Thomas's recovery also brought surprises. The dark filaments in his arm remained but no longer spread, yet he gained an uncanny sensitivity to sonic nuances. When Zach accidentally triggered an infrasound test unnoticed by the rest of the team, Thomas doubled over in agony—then laughed wryly:"Hey, Boss, I guess this arm wasn't modified in vain. I'm a walking radar for lethal sound tricks!"

Zach turned misfortune into advantage: he rewrote the core audio-recognition algorithm using field data, cutting false positives below 5% and boosting known SCP-939 voice-pattern identification to 95%. The Foundation adopted his system as standard issue for all MTFs facing auditory anomalies. Zach earned a Technical Innovation Bronze Star—and a week's paid leave, though he'd likely spend it back in the lab.

Irene's medical research likewise broke new ground. She concluded David's and Thomas's infections were incurable but controllable via tailored inhibitors and immune modulation."It's more like… enforced evolution," she penned in her report. "Their bodies are adapting to the foreign agent and gaining certain advantages. If we unravel the mechanism, we might develop a broad-spectrum 'adaptogen' for flesh-contamination cases."

Beta-7 was commended for capturing the high-risk variant SCP-939-Omega, securing invaluable research samples and time. Awards included highest-level periodic physiological and psychological evaluations for the next year. David was reassigned from frontline command to Special Projects Advisor, overseeing "Red World" research and 939-Omega follow-up.

The final Containment Report classified SCP-939-Omega as "Secure," with special clauses mandating continuous Class-A sonic suppression and dynamic enclosure monitoring. As David signed off, a faint pulse thrummed at his shoulder wound.
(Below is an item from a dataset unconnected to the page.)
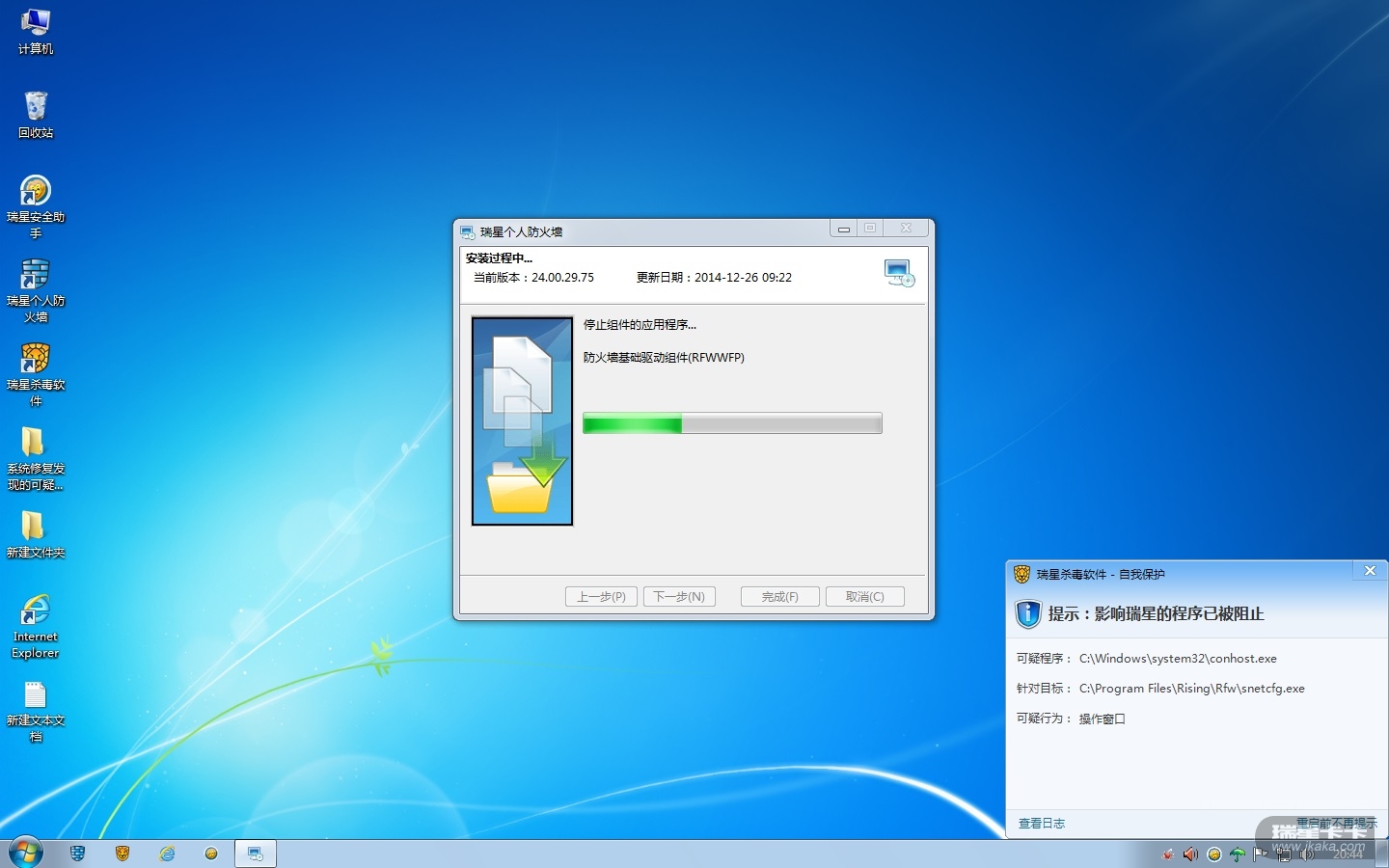 先安装杀毒后 在安装防火墙 杀毒 会提示自我保护 (你们可以试验修复下就知道了)

Through the strange tether he felt, SCP-939-Omega inside its cryo-pod seemed to accept its fate—quiet, patient, as though waiting.

Three weeks later, David was granted leave to go home. His daughter fluttered into his arms like a bright bird.

"Daddy! Look at my new drawing!" she chirped, holding up a sheet of paper.

David smiled—until he saw the artwork.

On the page was a twisted, nightmarish red world. The sky glowed dark crimson; the ground oozed fleshy hues. At its center stood a giant, unmistakably 939-shaped figure, its many eyes gazing beyond the borders of the drawing. Beside it, a small child in Foundation uniform stood—his own likeness.

A chill crept up David's spine. His throat tightened as he whispered,"Sweetheart… what… what is this?"

His daughter tilted her head, eyes shining innocently."It's the world I dreamed of, Daddy. The red friend says… it likes you."

His multi-function wrist monitor vibrated almost imperceptibly.

David's eyes went wide as the last light faded.

In the silent room, two tiny red dots glowed where his eyes should have been.